Objective with simulated wall time

Asynchronous Random Search

Random search is embarrassingly parallel — each trial is independent. With K machines, you’d hope for K \times speedup. But synchronous parallelism wastes time on stragglers: every batch of K trials waits for the slowest one.

Asynchronous random search keeps every worker busy: when one finishes, immediately give it a new config. Total wall-clock time scales much better.

Sync vs async parallel HPO: async avoids idle workers when trials finish at different times.

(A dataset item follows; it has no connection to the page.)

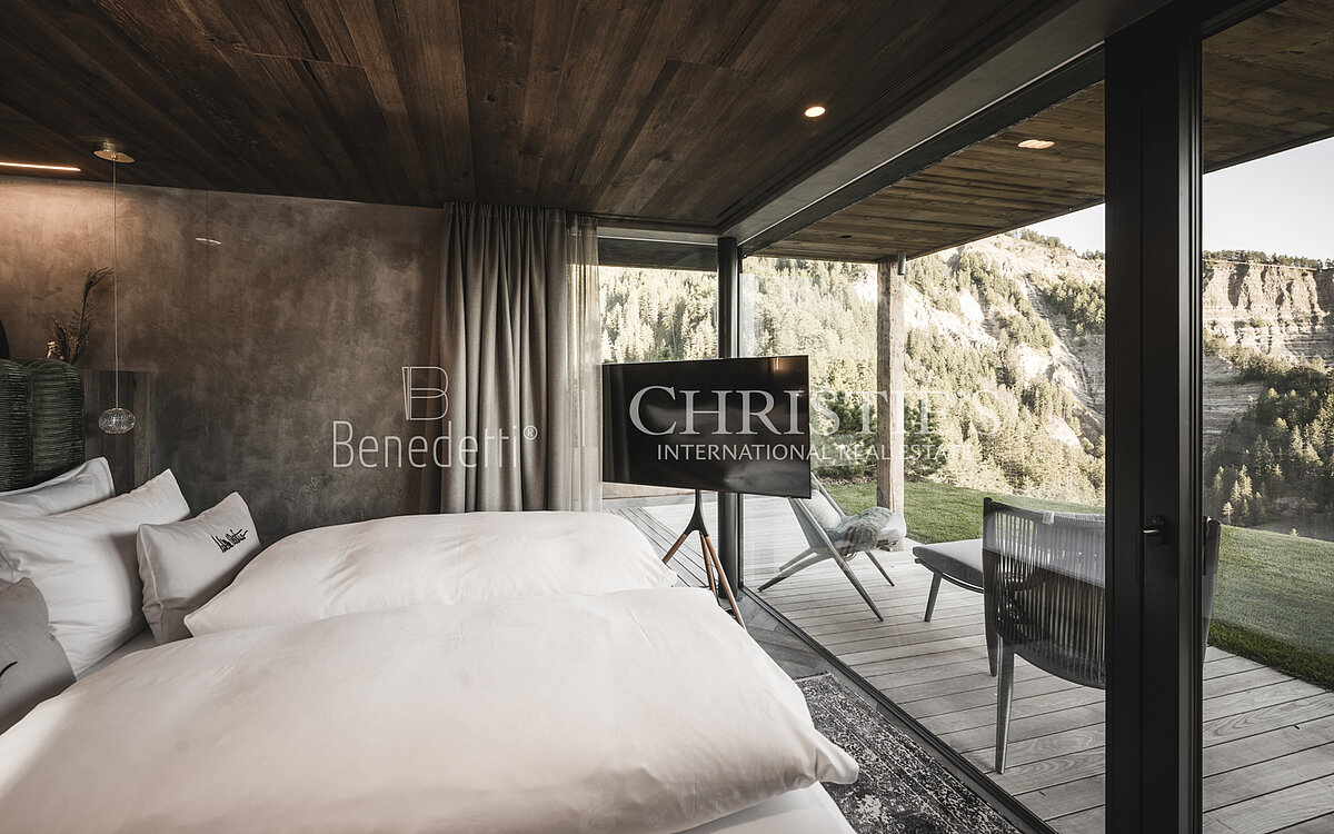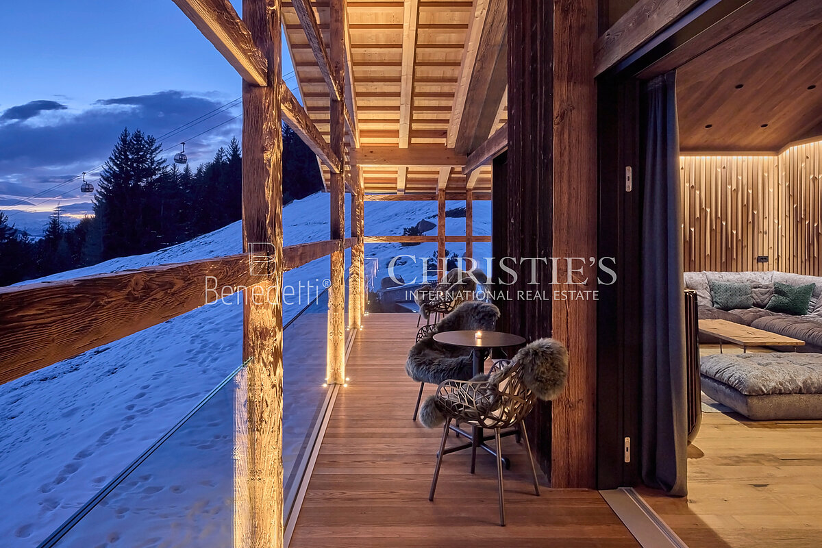 Eingebettet in die atemberaubende Kulisse des Grödentals verkörpert dieses luxuriöse Ski-in/Ski-out-Chalet die Essenz zeitgenössischer alpiner Eleganz – ein exklusiver Rückzugsort für all jene, die höchsten Wohnkomfort mit direktem Zugang zu den Skipisten verbinden möchten.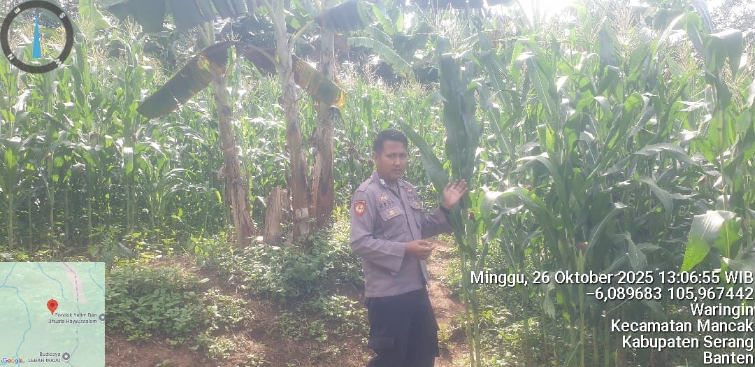 Kapolres Cilegon AKBP Dr. Martua Raja Taripar Laut Silitonga Melalui Kapolsek KP Banten Polres Cilegon AKP Fredo Leonard Bahwa pelaksanaan kegiatan Monitoring pembukaan dan pengolahan lahan di Kp. Kupak Ds. Waringin Kec. Mancak. Lahan tersebut kurang lebih 10 Ha, yang akan dikelola oleh kelompok Tani, Petani Muda 5 untuk penanaman jagung di di periode kuartal III Tahun 2025.

This deck wires up an async scheduler around the API abstraction from the previous deck.

Setup

A toy objective whose runtime depends on the hyperparameters — exposes the straggler problem clearly:

def hpo_objective_lenet_synetune(learning_rate, batch_size, max_epochs):
    from d2l import torch as d2l    
    from syne_tune import Reporter

    model = d2l.LeNet(lr=learning_rate, num_classes=10)
    trainer = d2l.HPOTrainer(max_epochs=1, num_gpus=1)
    data = d2l.FashionMNIST(batch_size=batch_size)
    model.apply_init([next(iter(data.get_dataloader(True)))[0]], d2l.init_cnn)
    report = Reporter() 
    for epoch in range(1, max_epochs + 1):
        if epoch == 1:
            # Initialize the state of Trainer
            trainer.fit(model=model, data=data) 
        else:
            trainer.fit_epoch()
        validation_error = d2l.numpy(trainer.validation_error().cpu())
        report(epoch=epoch, validation_error=float(validation_error))

Async scheduler

Maintain a worker pool; on each tick, dispatch new trials to free workers; collect completed trial results asynchronously:

n_workers = 2  # Needs to be <= the number of available GPUs

max_wallclock_time = 2 * 60  # 2 minutes
mode = "min"
metric = "validation_error"

Scheduler (cont.)

config_space = {
    "learning_rate": loguniform(1e-2, 1),
    "batch_size": randint(32, 256),
    "max_epochs": 10,
}
initial_config = {
    "learning_rate": 0.1,
    "batch_size": 128,
}
trial_backend = PythonBackend(
    tune_function=hpo_objective_lenet_synetune,
    config_space=config_space,
)

Wiring up the loop

scheduler = RandomSearch(
    config_space,
    metric=metric,
    mode=mode,
    points_to_evaluate=[initial_config],
)
stop_criterion = StoppingCriterion(max_wallclock_time=max_wallclock_time)

tuner = Tuner(
    trial_backend=trial_backend,
    scheduler=scheduler, 
    stop_criterion=stop_criterion,
    n_workers=n_workers,
    print_update_interval=int(max_wallclock_time * 0.6),
)

Loop (cont.)

Run the tuner, then load the experiment results. The raw Syne Tune logs contain local paths and backend commands, so the slide keeps the plot-producing analysis cell instead of the console transcript.

d2l.set_figsize()
tuning_experiment = load_experiment(tuner.name)
tuning_experiment.plot()

Wall-clock advantage

Plot best-seen-vs-time for sync vs async. Async always makes progress; sync sits idle while waiting for stragglers:

d2l.set_figsize([6, 2.5])
results = tuning_experiment.results

for trial_id in results.trial_id.unique():
    df = results[results["trial_id"] == trial_id]
    d2l.plt.plot(
        df["st_tuner_time"],
        df["validation_error"],
        marker="o"
    )
    
d2l.plt.xlabel("wall-clock time")
d2l.plt.ylabel("objective function")

Recap

  • Async random search ≈ sync random search statistically, but much better wall-clock-wise.
  • The skeleton (worker pool, dispatch on availability) generalizes to any HPO algorithm — not just random search.
  • Production HPO libraries (SyneTune, Ray Tune) make async the default.